Yeah you can use any non-stable Edge channel for development and testing purposes. Changes in general roll up from Canary to Dev to Beta to WebView2 Runtime.

Ultimately is the goal to ship these runtimes as part of the Edge install? Having to install these runtimes seems like a big hassle when the browser is already on the machine. I figured this was what Evergreen mode was supposed to be all about.

Not exactly as part of Edge, since it is by design for us to keep the ability the ship Edge/WV2 separately. It's mostly because 1) Enterprise often version-control Edge and we want WebView2 to not affected by the browser, and 2) we want to be able to service any urgent browser/WebView2 fixes without impacting the users of the other world.

But yeah I do get having to distribute a component is a big pain point. We're working on including WV2 Runtime in-box for future Windows release and best-effort pushing WV2 Runtime to in-market devices. The goal is for WV2 to have more or less similar coverage to Edge on Win10 Consumer.

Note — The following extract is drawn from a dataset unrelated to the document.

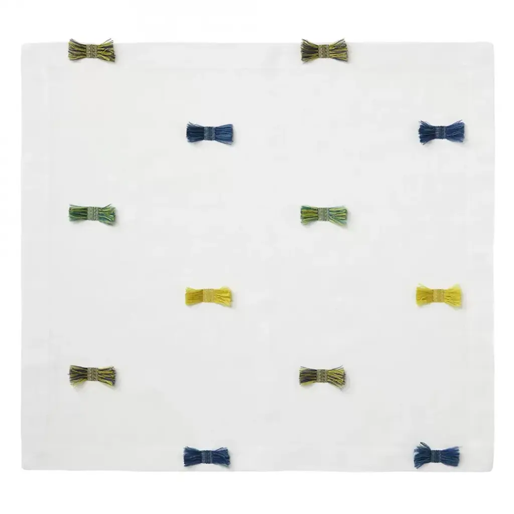 Colorful bows create a blissful atmosphere, dressing your table to utmost perfection. Available in Fuchsia-orange-blue, or blue-green.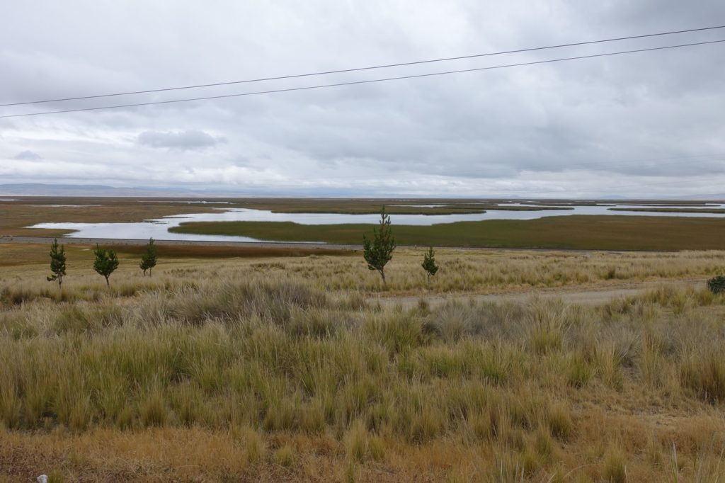 Nous avons encore 18 km à parcourir pour quitter le plateau. La pluie s’arrête et reprend, le vent se lève… Nous ne voyons toujours pas le soleil. Par contre, nous voyons nos premières vigognes !

RickStrahl commented 3 years ago

With regard to the website design, we can definitely make improvements to it. I do want to call out that the current download site is only intended for developers, not at all for end users. The license there is specifically the developer license, not end user license, and It'd be very confusing to end users what all these options are. We're working on another site that we or developers can direct end users to, and it should have the end user license instead.

I understand, but that's the point of this issue. We need something we can direct people to so:

The main point I see is this: I want to avoid shipping 90megs of runtime, so I want to use the minimal installer to get it installed. I can do with my installer, but then I presume I have to keep updating this thing with every release which is pretty cumbersome.

Or I do it as part of my application where I check versions and if out of sync automatically download the installer and re-run the setup which will presumably pull the latest bits.

Either way the runtime installer (the actual app) needs to be end user friendly and should not be a developer tool because at some point we need need to get runtimes installed if not shipping ~100mb with our apps.

My preferred scenario would be to have the WebView2 runtime ship with Edge installs. That would be the ideal scenario because that would probably get >95% of users. For the rest the runtime could be manually downloaded using the process above that could be handled during application startup.